▸ Assigned task
Transcribe all data verbatim. Skip the pictures.

▸ Supplied information
★ ★ ★ ★ ★ ★ ★
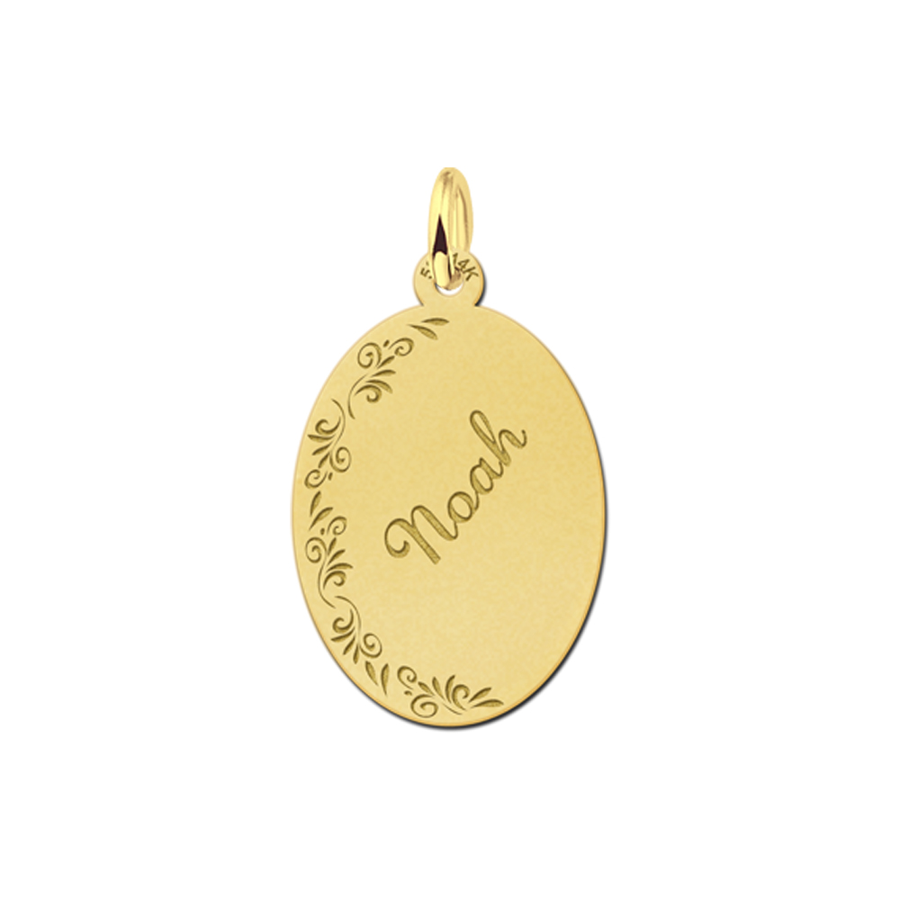 Dieser Goldanhänger ist oval und hat eine wunderschöne Verzierung am Rand. Die Ornament Verzierung am Rand macht diesen Anhänger sehr elegant. Auch können Sie Ihren Namen nach Wunsch eingravieren lassen. Aber auch Abkürzungen oder kleine Gedanken können eingraviert werden. Diese werden mit einem zierlichen Buschstaben eingraviert. Welche Gravur Sie auch graviert haben möchten, wir werden dafür sorgen das dieser sorgfältig eingraviert wird. Der ovale Anhänger aus Gold hat eine Größe von 16x22mm Bestellen Sie gleich eine Kette dazu dann ist Ihr Schmuckstück komplett. Ihr Goldanhänger wird in einem hübschen Schmuckkästchen verpackt. Der Versand erfolgt kostenlos, unabhängig vom Bestellwert.
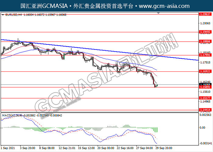 EURUSD,H4: 欧美空头排列,目前测试前期支撑。然而,MACD空头动能略减,短期关注多头反弹为主。上方关注1.1690压力和1.1800压力,下方关注1.1590支撑和1.1515支撑。
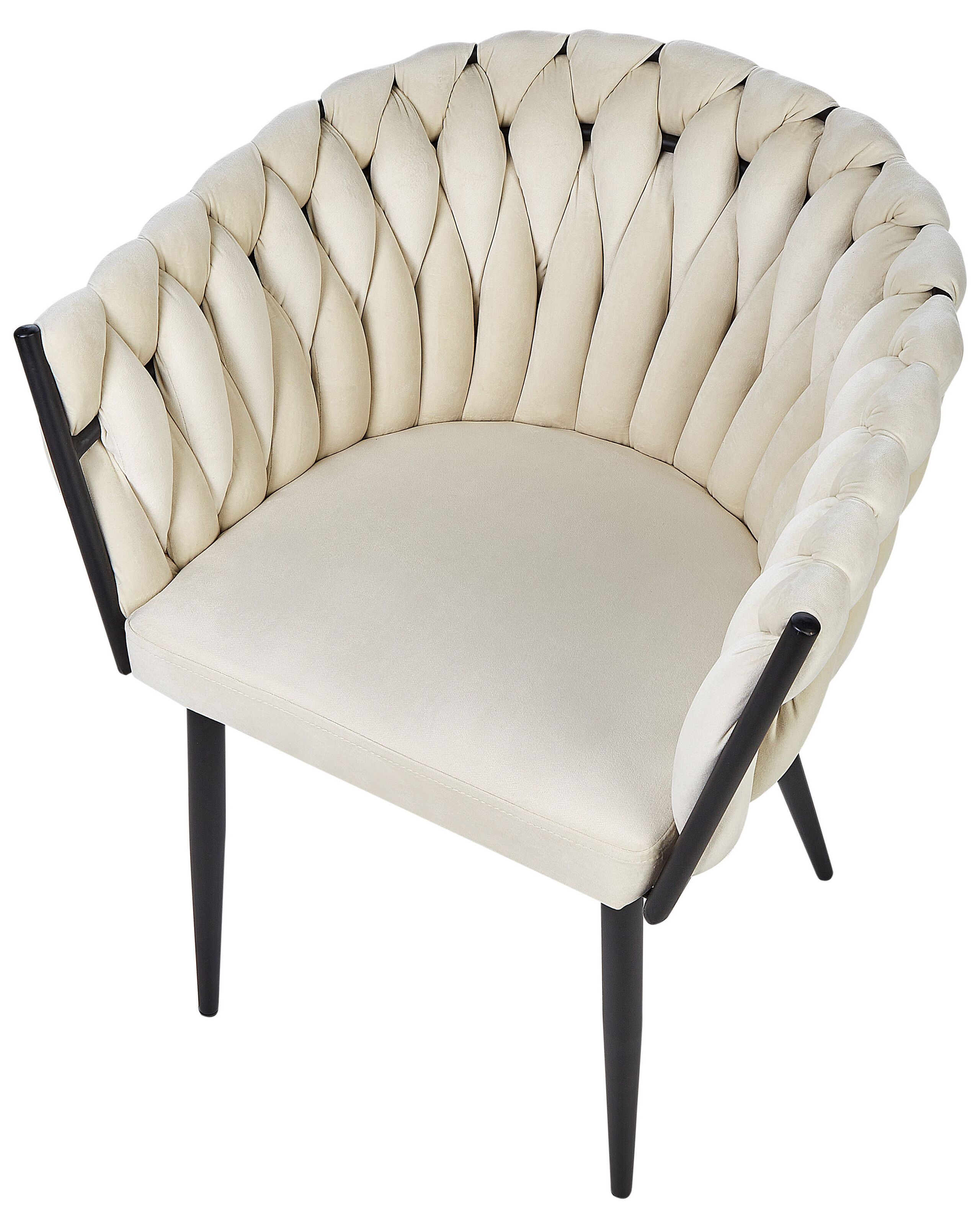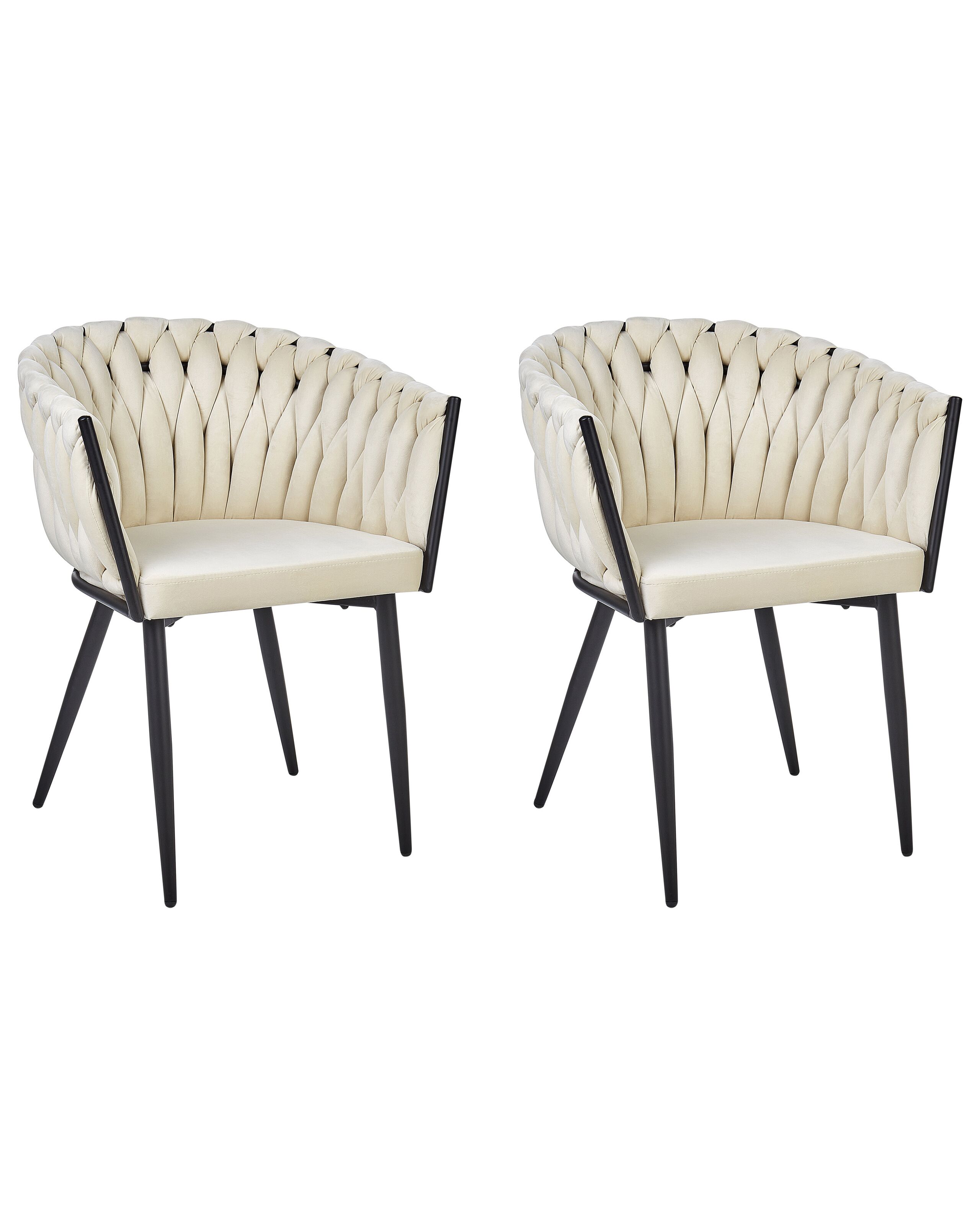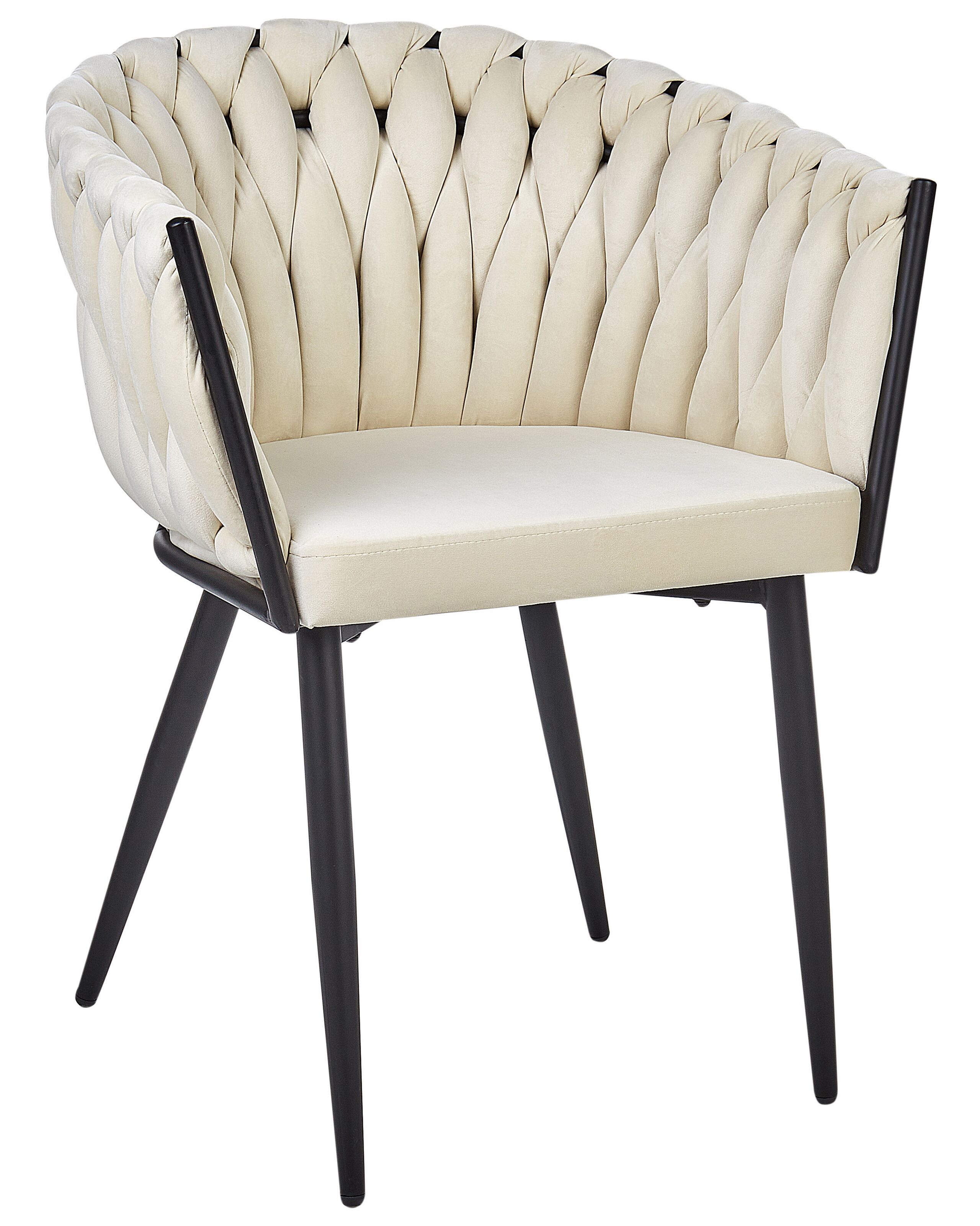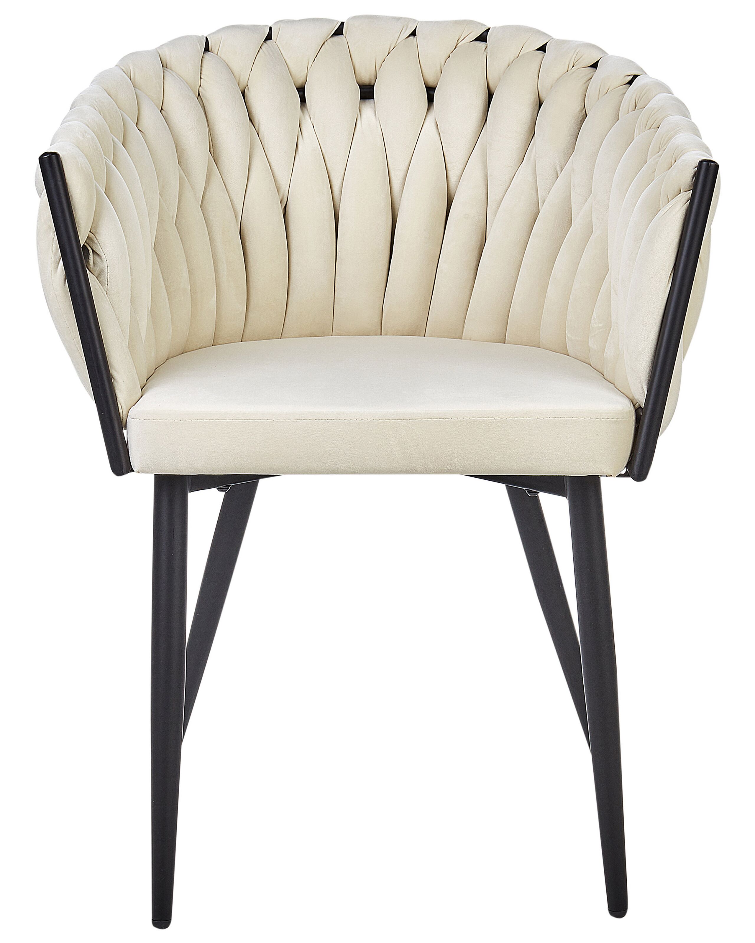 Chaises de repas avec structure en métal. Cet ensemble luxueux de chaises de repas rembourrées embellira votre salle à manger. Fabriquées en velours de haute qualité, dans une couleur beige clair intemporelle, elles sont faciles à entretenir et agréables au toucher. Leur look unique ajoutera certainement une touche d'élégance à n'importe quel décor intérieur, tout en vous apportant beaucoup de confort lors de vos repas. Montées sur un support en métal noir, les chaises sont également très stables.
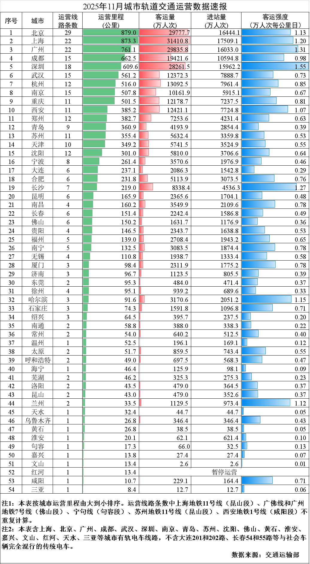 2025年11月,31个省(自治区、直辖市)和新疆生产建设兵团共有54个城市开通运营城市轨道交通线路334条,运营里程11389.7公里,实际开行列车362万列次,完成客运量28.3亿人次,进站量16.8亿人次。11月份,客运量环比增加0.1亿人次,增长0.4%,同比增加1.2亿人次,增长4.4%。11月份全国总运营里程的平均客运强度为0.832万人次每公里日,环比增长3.5%,同比降低3.3%。 其中,43个城市开通运营地铁、轻轨线路275条,运营里程9898.5公里,完成客运量27.3亿人次,进站量16.1亿人次;16个城市开通运营单轨、磁浮、市域快速轨道交通线路25条,运营里程970.7公里,完成客运量8283万人次,进站量5597万人次;18个城市开通运营有轨电车、自动导向轨道线路34条,运营里程520.5公里,完成客运量1137万人次,进站量1642万人次。
★ ★ ★ ★ ★ ★ ★
▸ Answer box
 Dieser Goldanhänger ist oval und hat eine wunderschöne Verzierung am Rand. Die Ornament Verzierung am Rand macht diesen Anhänger sehr elegant. Auch können Sie Ihren Namen nach Wunsch eingravieren lassen. Aber auch Abkürzungen oder kleine Gedanken können eingraviert werden. Diese werden mit einem zierlichen Buschstaben eingraviert. Welche Gravur Sie auch graviert haben möchten, wir werden dafür sorgen das dieser sorgfältig eingraviert wird. Der ovale Anhänger aus Gold hat eine Größe von 16x22mm Bestellen Sie gleich eine Kette dazu dann ist Ihr Schmuckstück komplett. Ihr Goldanhänger wird in einem hübschen Schmuckkästchen verpackt. Der Versand erfolgt kostenlos, unabhängig vom Bestellwert.
 EURUSD,H4: 欧美空头排列,目前测试前期支撑。然而,MACD空头动能略减,短期关注多头反弹为主。上方关注1.1690压力和1.1800压力,下方关注1.1590支撑和1.1515支撑。
 Chaises de repas avec structure en métal. Cet ensemble luxueux de chaises de repas rembourrées embellira votre salle à manger. Fabriquées en velours de haute qualité, dans une couleur beige clair intemporelle, elles sont faciles à entretenir et agréables au toucher. Leur look unique ajoutera certainement une touche d'élégance à n'importe quel décor intérieur, tout en vous apportant beaucoup de confort lors de vos repas. Montées sur un support en métal noir, les chaises sont également très stables.
 2025年11月,31个省(自治区、直辖市)和新疆生产建设兵团共有54个城市开通运营城市轨道交通线路334条,运营里程11389.7公里,实际开行列车362万列次,完成客运量28.3亿人次,进站量16.8亿人次。11月份,客运量环比增加0.1亿人次,增长0.4%,同比增加1.2亿人次,增长4.4%。11月份全国总运营里程的平均客运强度为0.832万人次每公里日,环比增长3.5%,同比降低3.3%。 其中,43个城市开通运营地铁、轻轨线路275条,运营里程9898.5公里,完成客运量27.3亿人次,进站量16.1亿人次;16个城市开通运营单轨、磁浮、市域快速轨道交通线路25条,运营里程970.7公里,完成客运量8283万人次,进站量5597万人次;18个城市开通运营有轨电车、自动导向轨道线路34条,运营里程520.5公里,完成客运量1137万人次,进站量1642万人次。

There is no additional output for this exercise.